Temporal release of floral scent is thought to be evolutionarily beneficial in order to maximize resource efficiency, attracting only truly effective pollinators and also avoiding the attraction of predators, which reduce herbivory [36][37]. These temporal patterns are accompanied by oscillations in the expression of genes in the VOC biosynthetic pathways [36][38], controlled by the circadian clock which is also epigenetically regulated. The main oscillator of the circadian clock is formed by the morning components CIRCADIAN CLOCK ASSOCIATED 1 (CCA1) and LATE ELONGATED HYPOCOTYL (LHY) and the evening components TIMING OF CAB EXPRESSSION 1 (TOC1) and ZEITLUPE (ZTL) [39][40]. The morning and evening components regulate each other in a negative feedback loop. Light regulates ZTL expression, which ubiquitinates TOC1 for degradation[41][42]. These clock genes control the daily expression of terpene synthases and phenylpropanoid/benzenoid pathway genes. Methylation and acetylation of the H3 histone of the main clock genes causes chromatin remodeling and subsequent changes in these genes’ expression, affecting the biosynthesis and emission of VOCs[43]. Histone deacetylases (HDACs), induced by TOC1 and LHY, cause H3 deacetylation in the TOC1 promoter, repressing it. Meanwhile, the REVEILLE 8/LHY-CCA1-LIKE 5 (RVE8/LCL5) TF has an opposite role, promoting hyperacetylation of H3 in the TOC1 gene[44]. Di- and trimethylation of H3 histone also alters the expression of CCA1, TOC1 and LHY. In Arabidopsis SET DOMAIN GROUP 2/ARABIDOPSIS TRITHORAX RELATED 3 (SDG2/ATXR3) and LDL1-HDA6 alter methylation and acetylation patterns of these circadian genes.

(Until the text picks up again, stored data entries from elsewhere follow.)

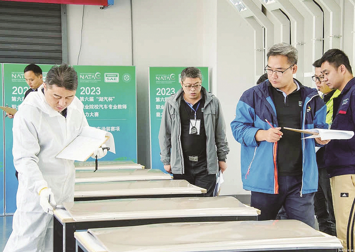 考官检验汽车涂装质量。 受访单位供图
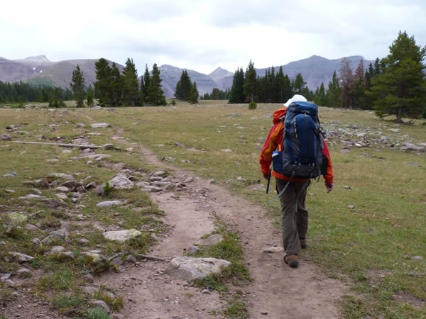 We continued to walking south, along the eastern edge of the Henry's Fork Basin, and – for the first time – Kings Peak came into view. It's the pyramid-like peak in the centre of the picture (to the left of Eric).
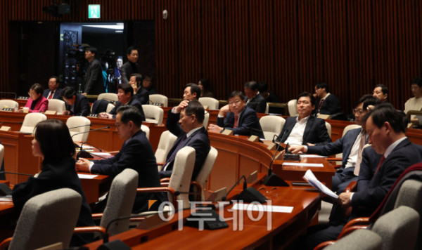 ▲국민의힘 의원들이 8일 서울 여의도 국회에서 열린 의원총회 '이재명 정부· 더불어민주당 입법폭주 국민고발회'에서 박수민 의원의 '국회법 개정안 설명, 마지막 필리버스터' 발표를 듣고 있다. 고이란 기자 photoeran@
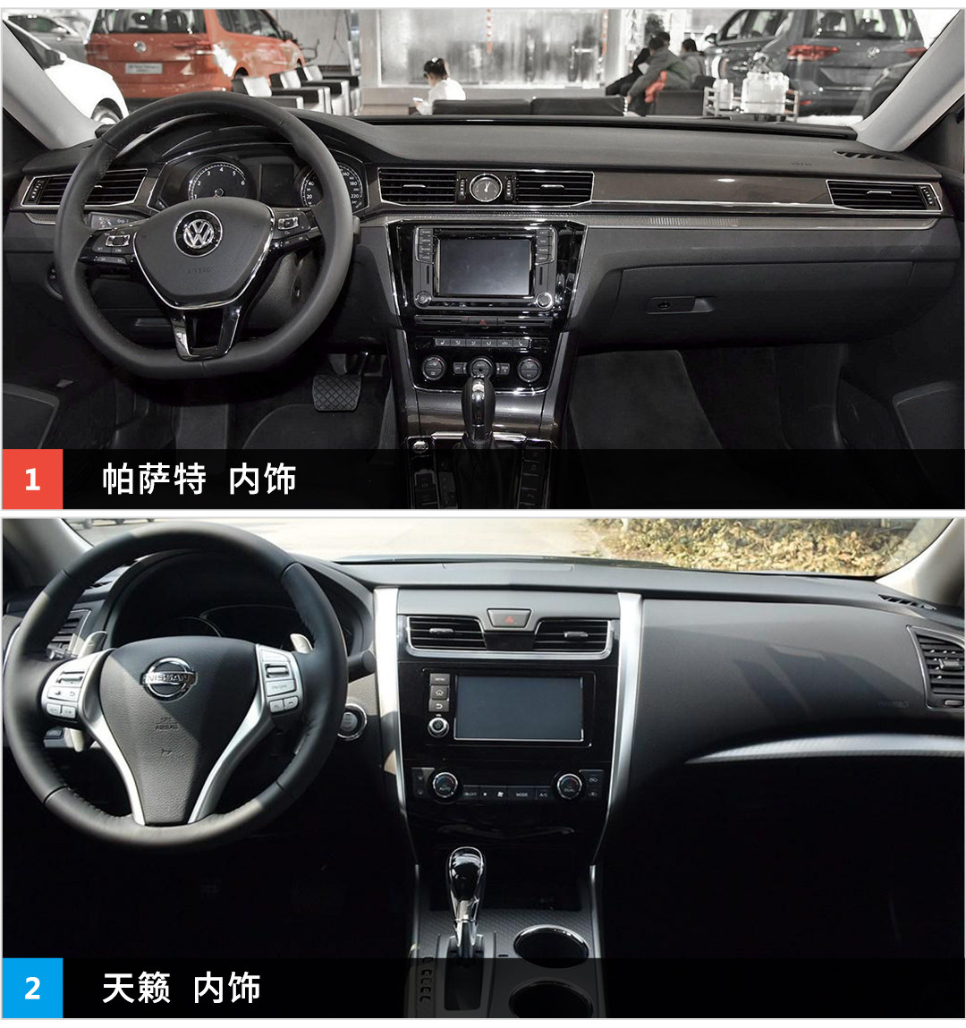 帕萨特的内饰与外观互相呼应,还是直来直往的风格,采用T型中控台的设计,视觉效果比较简约,略带一些沉闷,但是好在各个功能区都很清晰,使用起来还是比较顺手的。天籁的内饰设计同样简约,采用对称式的设计,非常普通,并没有什么时尚的元素。
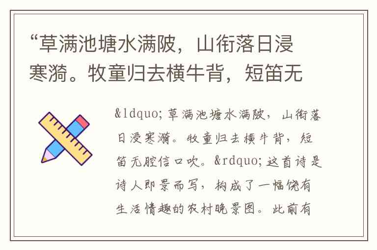 材料提到两首描写农村晚景的诗,由于诗人心情不同,对景物的描写也产生了不同——有的充满情趣,有的惆怅落寞,所以有“一切景语皆情语”之说。
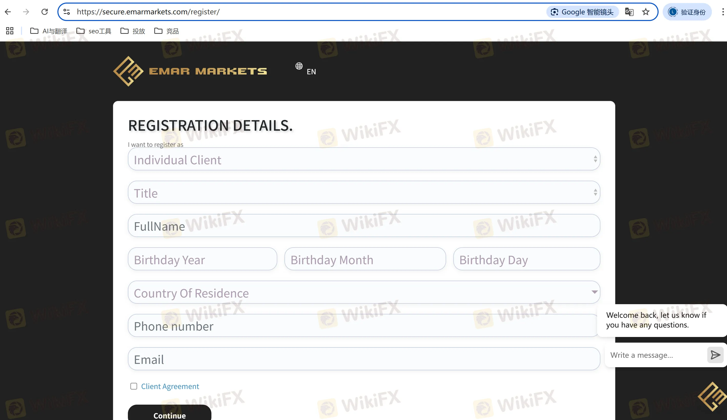 - Visit the official Emar Markets login page: https://secure.emarmarkets.com/register/
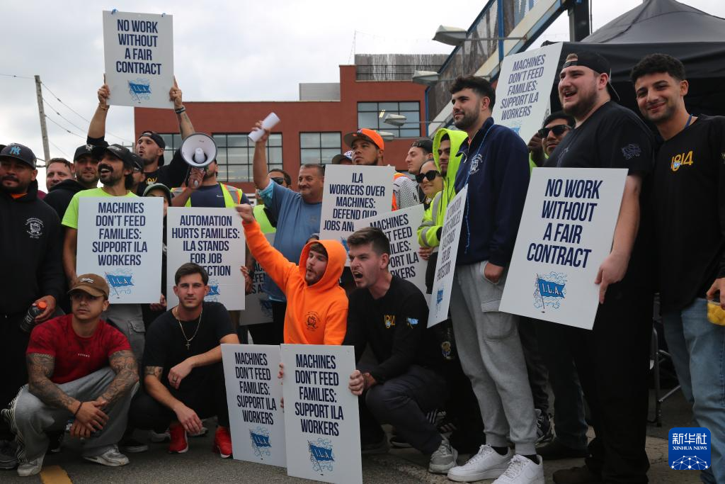 美国港口工人罢工 10月1日,工人在美国纽约市布鲁克林雷德胡克集装箱码头参加罢工。 10月1日,美国东海岸和墨西哥湾沿岸30多个码头的数万名工人举行罢工,要求涨薪,反对港口机械设备自动化。 新华社记者 刘亚南 摄
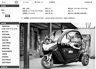 如淘寶上一家電動(dòng)車(chē)銷(xiāo)售商家就直言標(biāo)注:“此車(chē)不能辦理牌照,也不需要駕照,請(qǐng)根據(jù)當(dāng)?shù)貙?shí)際政策購(gòu)車(chē),不能因上牌問(wèn)題退貨?!?/p>
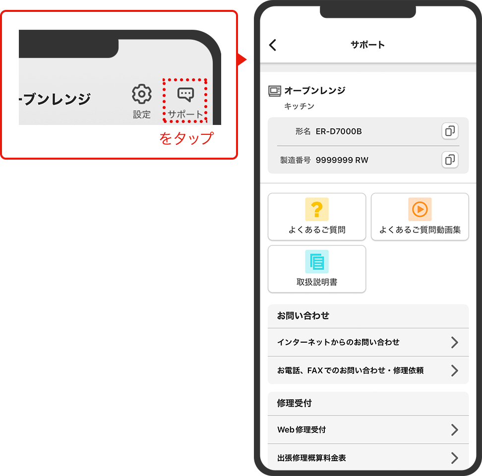 困ったときやオーブンレンジの使い方がわからないときのサポート情報をご覧いただくことができます。
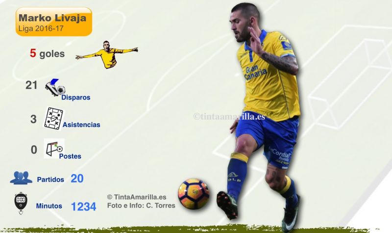 El primer ciclo anual de Livaja como jugador de la UD Las Palmas traiciona sus posibles sensaciones de insatisfacción. Un poder físico notable, incómodo de defender, amplia capacidad para el remate (dos goles de cabeza entre los cinco de la Liga), amplitud de recursos para el juego de espaldas o asociativo.
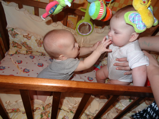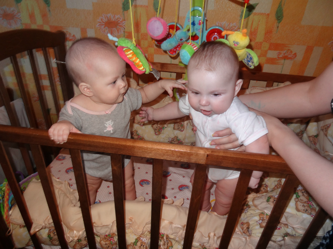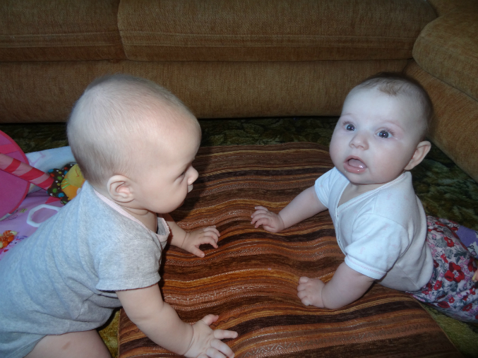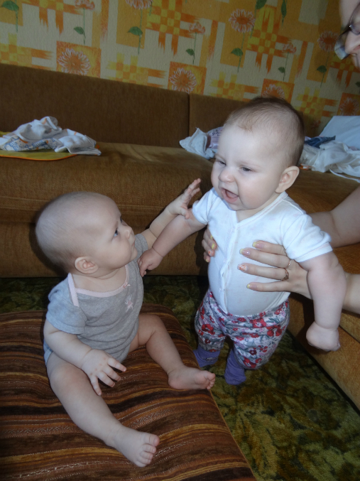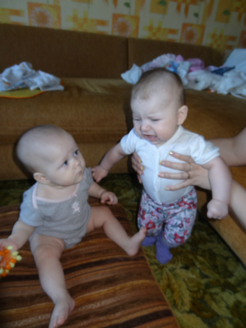 ЭмоцииПодружка Кристина со своей дочурой Аришей (ей 5 месяцев) приходили к нам в гости)) Ариша нас испугалась, моей то все в лицо надо ползти, да все потрогать.. вот нами Ариша и была недовольна...но так немного все-таки удалось им пообщаться)) ФОТО:

Therefore, it seems reasonable that epigenetics would play a main role in the regulation of VOC emissions in plants. In this respect, polyploidy (whole genome duplication) could act as an important driver of VOC evolution. Polyploidy in plants has multiple effects at different scales, from the molecular (including the epigenetic landscape) to the phenotypic level, owing to advantageous evolutionary success[45]. Moreover, the persistence of epigenetic information through meiosis (i.e., transgenerational epigenetic inheritance) could also contribute to evolution of the temporal dynamic of VOCs and the plant’s biotic interactions[46]].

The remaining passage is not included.